To be considered an amount as ordinary income, two things needs to be fulfilled
- Amount must be in money
- Amount is capable of conversion into money
The decisions of Commr of Taxation V Cooke & Sherden (1980) 10 ATR 696; 80 ATC
4140Tennant V Smith [1892] AC 150 were vague, to overcome these decisions new sections
(Section 26 (e) and Section (21)) were introduced
Section 26 (e) states that the assessable income does not only include the amount which is in
money but also fringe benefits within the meaning of the Fringe Benefits Tax Assessment Act
1986, which is given to employees by employer in kind. Thus Section 26 (e) overcomes the
decision of Tennant v Smith [1892] AC 150 and hence now the amount which is not in money
like fringe benefits within the meaning of the Fringe Benefits Tax Assessment Act 1986 will be
included in assessable income or ordinary income. (Australian Tax Law)
Section 21 provides:
21(1) where, upon any transaction, any consideration is paid or given otherwise than in cash, the
money value of that consideration shall, for the purpose of this Act, be deemed to have been paid
or given
21(2) this section is applicable subject to Section 21A. (Australian Tax Law)
Section 21 A states that a non- cash business benefit that is not converted to cash shall be treated
as if it were convertible to cash. The benefit or amount will be recorded at the arm‟s length value
educed by the recipient‟s contribution (if any); and any condition which restrict or prevent the
conversion shall be disregarded. (Australian Tax Law)

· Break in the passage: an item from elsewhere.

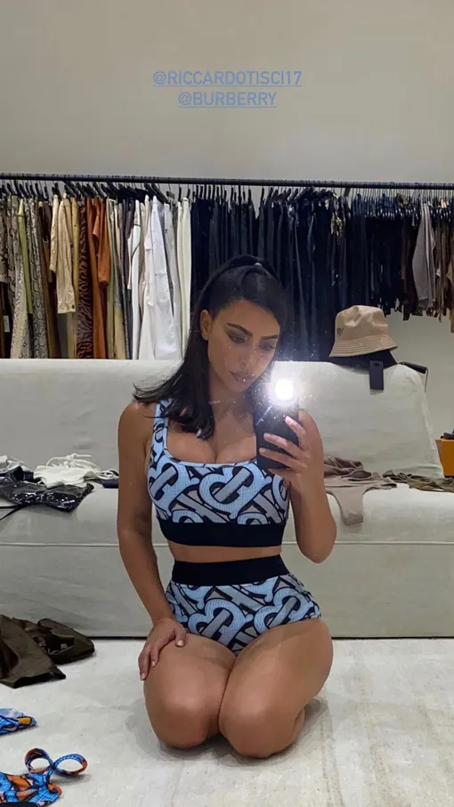 Впрочем, звезда реалити-шоу не унывает и старательно демонстрирует все свои прелести фанатам и мужу, если вдруг он успел забыть, как она выглядит. На этот раз наша героиня примерила бикини Burberry с лого бренда. Наряд авторства Риккардо Тиши подчеркнул упругий пресс и пышные бедра Ким, а ее прическа и макияж в стиле 60-х годов только добавили томности кадру.

Ordinary income does not include capital receipt. Three reasons to this are:
I. Ordinary income assessable under ITAA97 s 6-5 does not include capital. It states
that an item of capital nature must enter through statutory income if it is to be
assessable to tax.
II. There are specific rules stated under ITAA 97 Div 100 which determines the amount
of taxable capital gains and rates of tax applicable with specific exemptions.
III. Under general deduction provision ITAA97 s 8-1, Losses and outgoings of capital are
not allowable deductions. Under ITAA97 s 25-10, expenditure of a capital nature is
not an allowable deduction, there is a specific provision allowing a deduction for
epairs. (Australian Tax Law)
Earlier in Australia, Capital receipts were tax free but after the enactment of capital gain
taxation, capital receipts are taxable subject to certain exemptions. (Australian Tax Law)
The payments made under:
- Restrictive covenants- Leading Case law “MIM Holdings Ltd v FCT (1997) 36 ATR 108”
- License and know how- Leading Case law “Brent v FCT (1971) 125 CLR 418; 71 ATC
4195”
- Cancellation of agreements- Leading Case law “Heavy Minerals Pty Ltd v FCT (1966)
115 CLR 512; 10 AITR 140”
- Compensation under injury- Leading Case law “Tinkler v FCT 79 ATC 4641; Commr of
Taxation v Slaven 84 ATC 4077”
- Exchange rate gains- Leading Case law “International Nickel Australia Ltd v FCT (1977)
137 R 347; 77 ATC 4383 and AVCO Financial Services Ltd v FCT (1982) 150 CLR...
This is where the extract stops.